Now, I've got bad news and good news. The bad news is that while np.vectorize
provides syntactical sugar around calling your scalar integration function with array inputs, it won't actually give you speed-up compared to a native for loop. The good news is that you can replace the calls to mpmath.exp
with calls to np.exp
and you'll end up with the same result much faster:
def k_integrand_np(x, xl, xu):
return ((x**2)*np.exp(x))/((xu - xl)*(np.exp(x)-1)**2)
@np.vectorize
def K_np(xl, xu):
if xu <= xl:
# don't even try to integrate
return np.nan
y, err = integrate.quad(k_integrand_np, xl, xu, args = (xl, xu))
return y
With these definitions
In [14]: res_mpmath = K(grid_xl, grid_xu)

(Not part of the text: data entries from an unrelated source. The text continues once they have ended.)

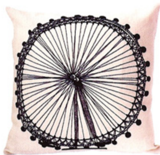
Charlene Mullen's playful London Eye cushion (£120) combines architecture and comfort in soft embroidered linen.
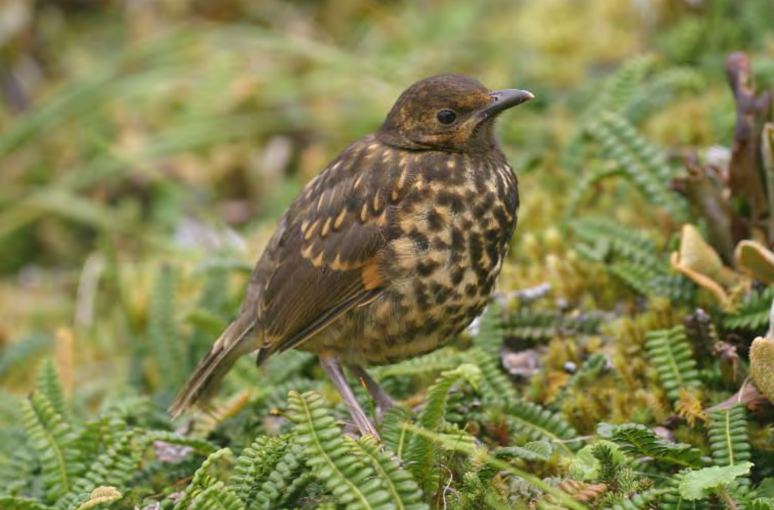
Opposite, above A newly-fledged Tristan Thrush, or Starchy, showing the richly coloured primary coverts and apricot-streaked scapulars typical of juvenile plumage.
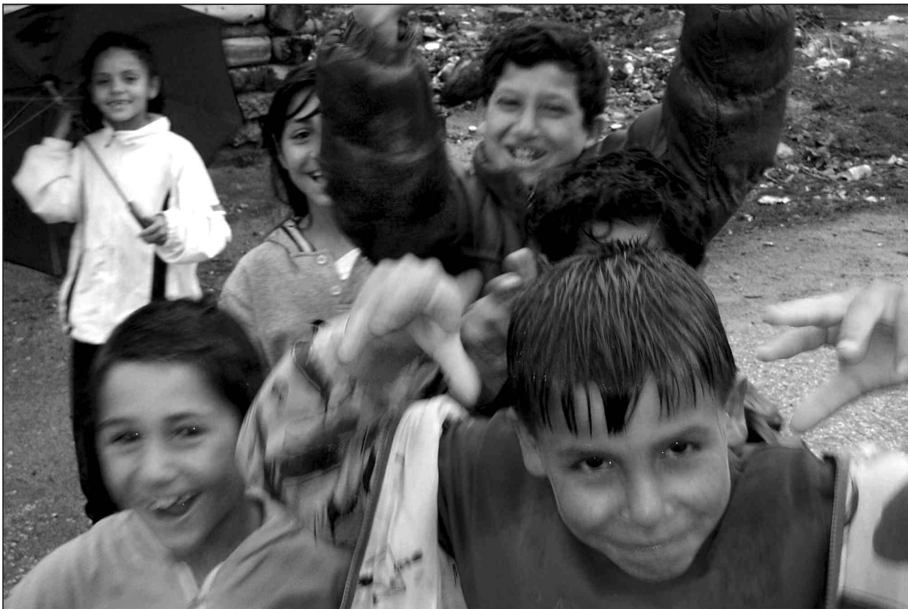
Roma children in Velká Lomnica, Slovakia.
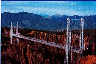
Visit to the Royal Gorge Bridge and Park
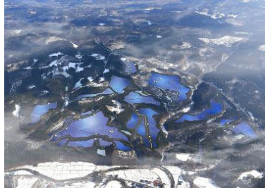
Karumai Nishi Solar (48MW, under construction)
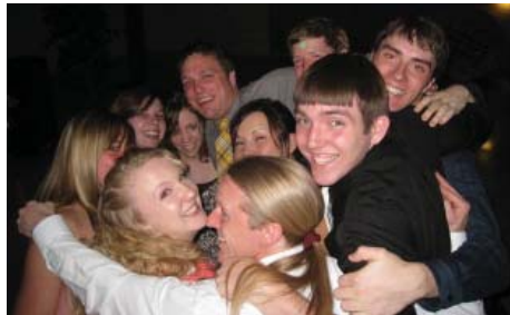
2009 STArry Night Spring Formal dance
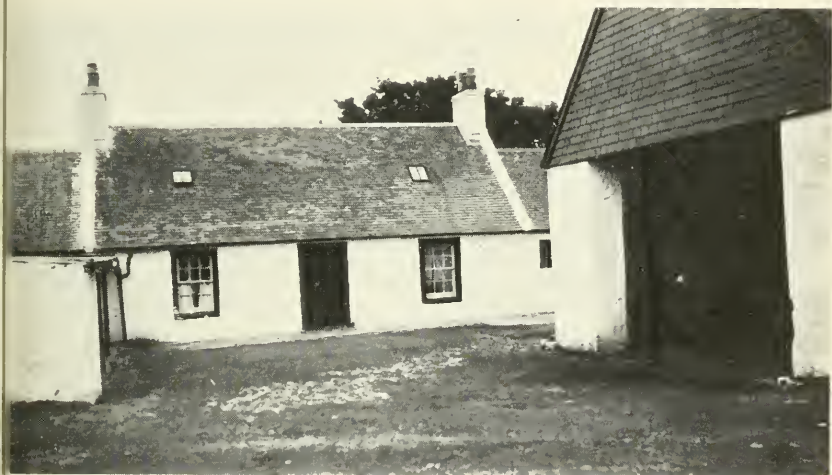
MT. OLIPHANT FARM BUILDINGS.

Seen from Mt. Oliphant farm. This picture is typical of the beauty of Carrick district of Ayrshire, of which district Maybole is the Capital.
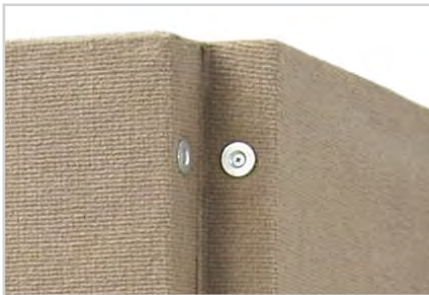
Magnetic End Connections

The magnetic end connections allow you to attach multiple panels together, end-to-end, which gives you more versatility and flexibility in setting up. There are two round, 1-inch diameter chrome magnets installed on each end of the panels. The magnets are polarized, one side with negative magnets and one side with positive magnets. Positive magnets will have a small sticker labeled with a “+” symbol. In order to connect two panels successfully, you must match the positive side of one panel to the negative side of another panel.

...: res_np = K_np(grid_xl, grid_xu)
...: inds = ~np.isnan(res_mpmath)
...:
In [15]: np.array_equal(res_mpmath[inds], res_np[inds])
Out[15]: True
In [16]: %timeit K(grid_xl, grid_xu)
107 ms ± 521 µs per loop (mean ± std. dev. of 7 runs, 10 loops each)
In [17]: %timeit K_np(grid_xl, grid_xu)
7.26 ms ± 157 µs per loop (mean ± std. dev. of 7 runs, 100 loops each)
So the two methods give the same result (exactly!), but the numpy version is almost 15 times faster.